A Ana ya no le daba el seso.
-¿Qué? -repitió.
-Disculpa por esa fea primera impresión -dijo el hombre-, me presento, soy Beldán, un genio de los deseos, un guía para saltadores de historias y mi obligación aquí es ayudarte a volver a casa.
A Ana lo que decía el supuesto genio ya le estaba pareciendo una completa babosada.
-¿Volver a casa? -dijo, frotándose los ojos-, ¡pero si ya estoy en casa!
El genio la ignoró completamente. Se puso a leer su libro y pasaba las páginas echándoles una rápida ojeada.
-Ajá, sí, y este... también puedo concederte deseos, pero sólo tres veces al día -dijo después de unos minutos-, así que niña, piensa muy bien lo que vas a desear.
Dicho esto, procedió rápidamente a arrastrar un pesado baúl y a sentarse sobre él, cruzando las piernas e irguiendo la espalda con gallardía.
-A ver, siéntate a mi lado y pídeme lo que quieras -anunció, sonriendo complacido.
-Si de verdad eres un genio de los deseos -dijo Anabelle, sin moverse de su sitio-, mi primer deseo es poder dejar de escuchar esos molestos ruidos que salen de los libros, de los cuadernos y de cualquier cosa que cuente algo. Por favor, ¡ya no lo soporto! son más molestos que mi hermana Leticia.
El genio soltó una estridente carcajada y casi se cae de su banquito improvisado.
-Definitivamente eres una saltadora de historias -dijo, enjugándose las lágrimas-, todos desean eso la primera vez. No te preocupes más, tus deseos son órdenes, pequeña.
Y el libro que había estado sosteniendo en su mano se esfumó como neblina y en su lugar reapareció el arpa que había estado tocando al principio. Ahora que era más grande, Ana pudo notar mejor que se trataba de un arpa de oro, reluciente, con penachos de plumas talladas en sus costados. El genio Beldán elevó el arpa, cerró los ojos y cantó, con una sonrisa:
-Desaparezca de tus oídos el mal,
prohíbanse las letras ajenas,
pues nos basta con las de tu mundo real
en el que ya hay tantas canciones buenas.

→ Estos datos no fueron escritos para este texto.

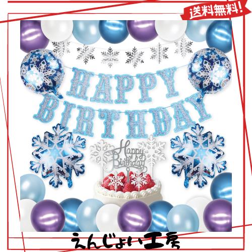 ?【セット内容】?スノーフレイク・アルミバルーン x2 ?ラウンド・アルミバルーン x2 ?ゴムバルーン:メタリックパープル x5、ホワイト x5、パープル x5、ライトブルー x5、メタリックブルー x5 ?「Happy Birthday」レターバナー x1 ?スノーフレイク・ガーランド x1 ?ケーキトッパーセット x1 ?その他アクセサリー:アレンジテープ x1、ストロー x2、両面シールセット x1(接着ドット20個)
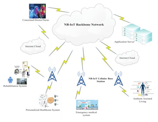 Healthcare is boosted as an application domain that appears to be very promising for enhancing service quality of the patients due to the Internet of Things (IoT), cloud computing, and Wireless Body Area Network (WBAN) technologies, as well as the interactions among those [2]. Some wireless technologies (e.g., ZigBee, Bluetooth, LoRa, Sigfox) are used in healthcare applications; however, some recent studies [3,4] have already revealed that the Narrow Band IoT (NB-IoT) is more suitable for healthcare applications in terms of licensing policy, long-range data transmission performance, energy-efficiency, etc., than other technologies. The fact that the NB-IoT is a Low Power Wide Area Network (LPWAN) technology facilitating a long-range and deep indoor coverage makes it perfect for a typical smart hospital context [5,6]. Furthermore, it offers seamless connectivity between patients and concerned medical personnel.

Y con un único rasguido de cuerdas, un resplandor iluminó el sótano cegando a Ana, que volvió a caer al piso, molesta por haberse caído otra vez a causa de las explosiones tontas de semejante ser. Cuando la luz desapareció, se encontraba sola en el sótano. No había rastro ni del genio, ni de su libro, ni de su arpa de oro. Sin embargo, Ana comprobó con satisfacción que los ruidos molestos habían acabado. No se escuchaba ninguna voz, ninguna conversación... nada, nada, todo era tal y como antes. Ana sonrió de oreja a oreja y gritó:
-¡Entonces sí es un genio de verdad! ¿Pero en dónde se metió?
Y lo buscó en el sótano, en el jardín, en el zaguán, en la sala, en la cocina, hasta en el despacho de mamá, a la que le preguntó si había visto un libro negro con inscripciones moradas. Su mamá abrió un cajón de su escritorio, agarró un diccionario de tapas negras que tenía y sin apartar la vista de su computadora, se lo entregó a Ana.
-Toma -le dijo.
Cuando, minutos más tarde, se tiró en el sofá, exhausta de buscar, abrió el diccionario en un página al azar y fingió que leía con una voz exagerada:
-Significado de idiota: dícese de todas las personas del mundo excepto Anabelle.